DIRECTIONS.
The answer must be only the lines below from the one holding "A bottle of" down to the one holding "everything made of", ends included, printed exactly; please omit all pictures.

DATA SUPPLIED.

━━━━━━━━━━━━━━━━

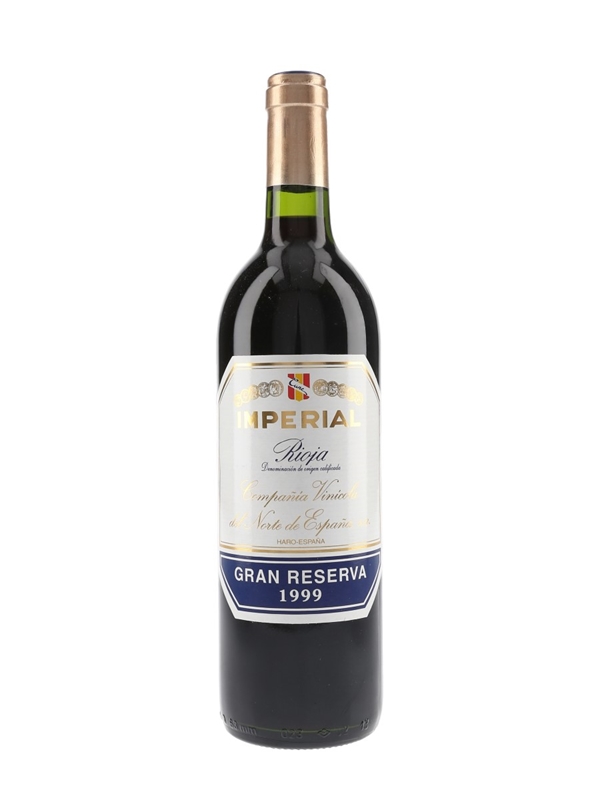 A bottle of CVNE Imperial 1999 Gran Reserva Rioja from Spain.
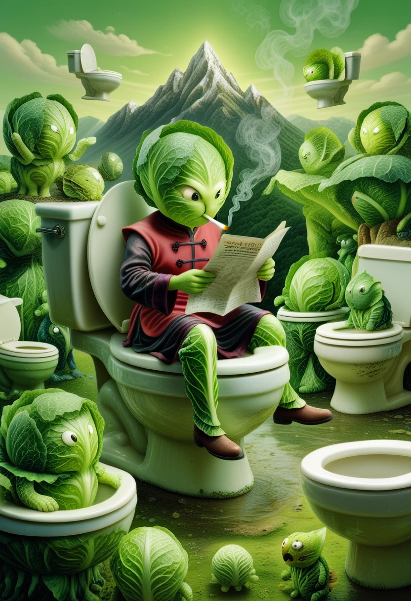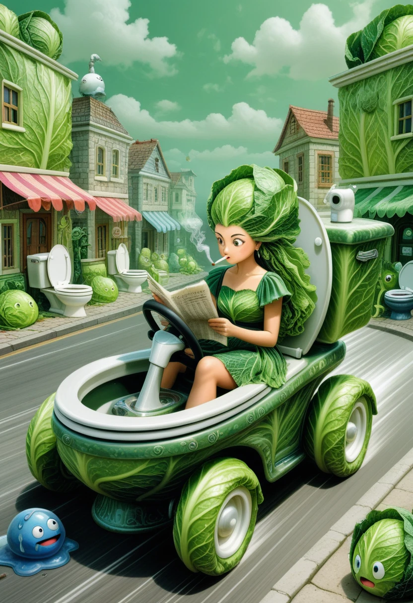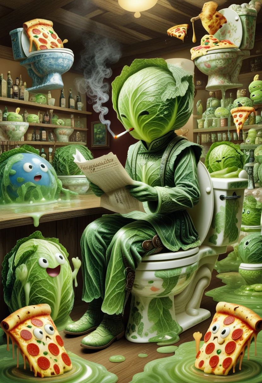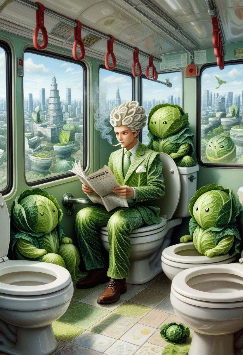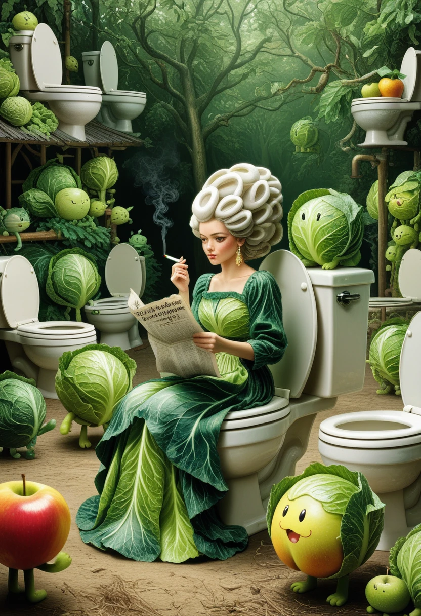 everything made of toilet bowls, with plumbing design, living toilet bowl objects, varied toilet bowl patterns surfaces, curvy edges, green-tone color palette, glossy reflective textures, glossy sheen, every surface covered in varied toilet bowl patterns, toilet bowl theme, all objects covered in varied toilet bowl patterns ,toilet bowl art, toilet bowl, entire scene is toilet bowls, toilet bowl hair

━━━━━━━━━━━━━━━━

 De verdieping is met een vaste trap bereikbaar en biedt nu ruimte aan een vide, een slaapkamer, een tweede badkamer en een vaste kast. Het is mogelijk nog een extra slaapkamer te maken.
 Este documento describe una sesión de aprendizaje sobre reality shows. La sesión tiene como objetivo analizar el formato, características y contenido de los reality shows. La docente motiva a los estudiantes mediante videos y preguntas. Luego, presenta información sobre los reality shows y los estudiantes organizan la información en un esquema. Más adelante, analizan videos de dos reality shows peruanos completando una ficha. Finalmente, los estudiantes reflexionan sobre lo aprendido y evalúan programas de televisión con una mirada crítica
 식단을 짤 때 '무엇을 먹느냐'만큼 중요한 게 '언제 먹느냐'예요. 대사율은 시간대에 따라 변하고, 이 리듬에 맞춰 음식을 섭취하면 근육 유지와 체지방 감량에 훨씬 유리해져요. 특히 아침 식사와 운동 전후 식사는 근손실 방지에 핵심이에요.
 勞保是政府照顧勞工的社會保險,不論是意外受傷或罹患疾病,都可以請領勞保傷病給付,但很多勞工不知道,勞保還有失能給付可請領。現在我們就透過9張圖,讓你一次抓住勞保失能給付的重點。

━━━━━━━━━━━━━━━━

RESPONSE.
 A bottle of CVNE Imperial 1999 Gran Reserva Rioja from Spain.
 everything made of toilet bowls, with plumbing design, living toilet bowl objects, varied toilet bowl patterns surfaces, curvy edges, green-tone color palette, glossy reflective textures, glossy sheen, every surface covered in varied toilet bowl patterns, toilet bowl theme, all objects covered in varied toilet bowl patterns ,toilet bowl art, toilet bowl, entire scene is toilet bowls, toilet bowl hair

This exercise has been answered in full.